This is Jewish pumpernickel. It is moist and chewy. It is not the dry, dense German-style pumpernickel. I make it generally as long loaves, as pictured. However, you can also make it as round loaves, in which case you should "dock" the loaves by making 6-10 holes in the top with a skewer or ice pick, rather than scoring them across with 3 slashes. You can also make this bread in loaf pans, in which case I would score them with a single slash along the center of the long axis.


The recipe that follows is taken from Secrets of a Jewish Baker, by George Greenstein. The ingredient amounts are both those Greenstein specifies and the ingredient weights I actually used. The procedures are adapted from Greenstein's.

Ingredients

Volume (per Greenstein)

Amount (per dmsnyder)

Warm water

1 cup

240 gms

Yeast

1 pkg active dry

7.5 gms instant

Rye sour

1 cup

250 gms

Altus (optional)

1 cup

1 cup

Pumpernickel color

4 tablespoons

1 tablespoon caramel color

Common (First Clear) flour

2 ½ to 3 ½ cups

350-400 gms

Pumpernickel flour

1 cup

115 gms

Salt

1 tablespoon

8 gms

Caraway seeds (optional)

1 tablespoon

Not used

Cornstarch solution

(see below)

 

Notes on ingredients:

1. Rye sour: This is a rye sourdough starter. You can make it from scratch. You also can easily convert a wheat flour sourdough starter to a rye sour by feeding a small amount of your existing starter with rye flour and refreshing it a couple of times.

2. Altus: This is “old” rye bread cut into small pieces, soaked in water until saturated and wrung out. It was originally a way for bakers to re-use bread they hadn’t sold. "Waste not. Want not." However, it does make for a more tender and flavorful bread and has become traditional. It is optional. I keep hunks of leftover rye bread in a plastic bag in my freezer to use as altus.

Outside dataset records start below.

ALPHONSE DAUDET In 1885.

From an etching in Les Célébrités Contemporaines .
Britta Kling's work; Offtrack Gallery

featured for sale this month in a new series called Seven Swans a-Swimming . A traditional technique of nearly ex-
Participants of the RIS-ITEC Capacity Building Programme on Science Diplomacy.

3. Pumpernickel color: This is really optional but is necessary to give the "black" color expected of pumpernickel. It also gives the bread a subtle bitter undertone without which it just doesn't taste "right." You can use 1 tablespoon of powdered caramel color, instant espresso cof

fee or cocoa powder. I use powdered caramel coloring from King Arthur’s Baker’s Catalogue.

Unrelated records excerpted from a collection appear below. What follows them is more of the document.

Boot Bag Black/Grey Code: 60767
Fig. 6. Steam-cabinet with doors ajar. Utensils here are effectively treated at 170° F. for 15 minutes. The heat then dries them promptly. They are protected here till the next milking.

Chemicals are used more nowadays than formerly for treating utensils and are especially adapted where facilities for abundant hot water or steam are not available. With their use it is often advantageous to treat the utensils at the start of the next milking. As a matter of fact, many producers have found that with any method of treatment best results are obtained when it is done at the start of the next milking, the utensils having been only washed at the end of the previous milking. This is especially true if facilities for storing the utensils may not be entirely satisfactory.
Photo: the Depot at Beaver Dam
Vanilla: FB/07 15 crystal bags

4. Pumpernickel flour: This is whole grain, coarsely ground rye flour. You can use dark rye flour, but it won’t be quite the same. I get pumpernickel flour from King Arthur’s Baker’s Catalogue. Like other whole grains, it will spoil in time. I keep it in my freezer in a 1 gallon Ziploc bag.


5. Common flour: This is also known as first clear flour. Its definition gets into esoteric grain milling stuff, but it is necessary for authentic Jewish rye breads, including pumpernickel. It also makes wonderful sourdough breads as a substitute for bread flour or a mix of white and whole wheat flours. I get First Clear flour from King Arthur’s Baker’s Catalogue.


6. Cornstarch solution: Mix 1 ½ tablespoons of cornstarch in 1/4 cup cold water. Pour this into 1 cup of gently boiling water in a sauce pan, whisking constantly. Boil until slightly thickened. Set aside. It can be kept refrigerated for a few days in a sealed jar or covered bowl.


7. Caraway seeds: I don’t use them in pumpernickel, myself. You can add other things to pumpernickel, though, such as flax seeds (soaked overnight), sunflower seeds, raisins, minced onion.


 


Procedures


Mixing (by hand. See Note below for mixing with a stand mixer.)


In a large bowl, sprinkle the yeast over the warm water to soften; stir to dissolve. (If using instant yeast, mix it with the flour, don’t dissolve it. Add the water to the rye sour and mix.) Add the rye sour, altus (if desired), pumpernickel color, pumpernickel flour, 2 ½ cups of common flour, and salt. Mix thoroughly until the dough pulls away from the sides of the bowl.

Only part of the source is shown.